As a programmer, I'm used to choosing among many ways to solve the same problem. But going back to your point about the practical usability of the language - some users may not be so happy to choose from several seemingly equal ways to implement the same logic. This would be especially true if, down the line, their choice of implementation affects the flexibility of the rules (their ability to extend or modify the rules). Then it turns out that the different implementations were not equal after all and the choice really required experience with designing logic. This forces the user to be a "software architect" and that seems to run directly counter to your goals.

Also, from the user's perspective, it seems like context is semantically overloaded.

On one hand, there is context in the sense of some ongoing circumstances that have meaning (the red alert).

On the other hand, there is context in the sense of those conditions (ongoing or otherwise) that cause an event to become a situation.

To define the scenario, the user must first define the red alert context. This is a persistent state that begins with an event and ends with an event.

Now the user navigates to the scenario builder and is asked "under what context does an event become this situation." Here they are not being asked to define a persistent state, but about the logic that should evaluated to produce the situation.

I could see the situation becoming worse when the situation requires some pattern detection. Now the current state of the pattern detection algorithm is sort of like a context, although it is quite different from the red alert context.

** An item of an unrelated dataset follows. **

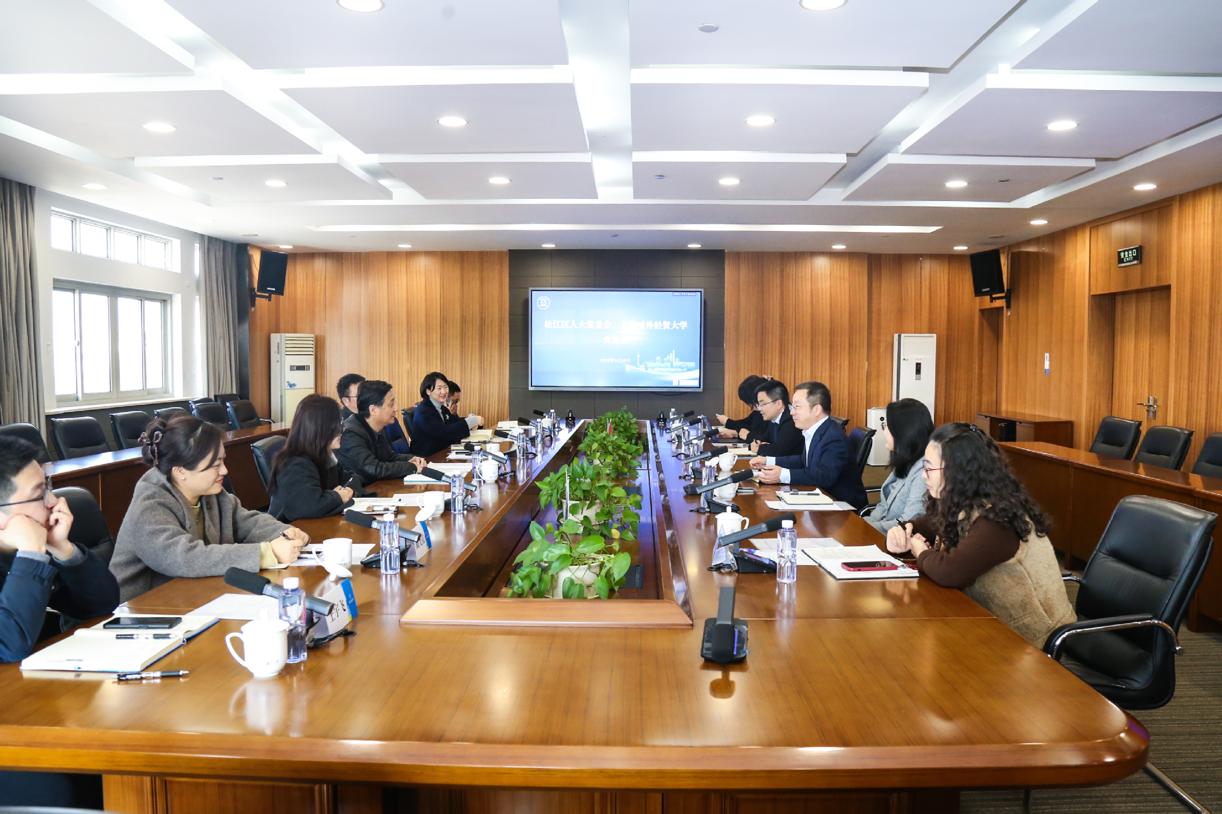 许复新对学校在服务松江区域经济社会发展方面做出的贡献表示感谢。希望学校继续做好对重点人才的关心培养,以建设松江大学城与地区合作示范区为契机,发挥学校资源优势,加强区校联动,加大产学研合作,创新地校协同育人,赋能共建促发展。

The semantic overloading seems to be easier than the multiple-paths-to-the-same-goal problem. In the case of semantic overloading, one would simply need to sort out the different kinds of context and give them names.

Opher Etzion said...

Hi Hans.

The meta-language is still at work, so I'll have to defer the answer on that one to a later phase, however - in the AMiT language we have a notion of temporal context called "lifespan", which indeed describes state that start by event and end by event or time offset, or expires. While this can conceptually done inside the pattern conditions, it provides semantic separation between:

* "pre-conditions" in which certain pattern is evaluated

* "conditions" for the evaluation of the pattern.

From experience, developers relate to this difference with no problem.

The question of language minimality (i.e. each logical function can be done in a single way) is a question that has been discussed a lot - it has pros and cons. In general, my belief is that this is too restrictive goal, since if "all else fails" you are getting to components of the language that can subsume others (e.g. use of predicates), but there should also be an explicit methodology / guidlines of how not to abuse it.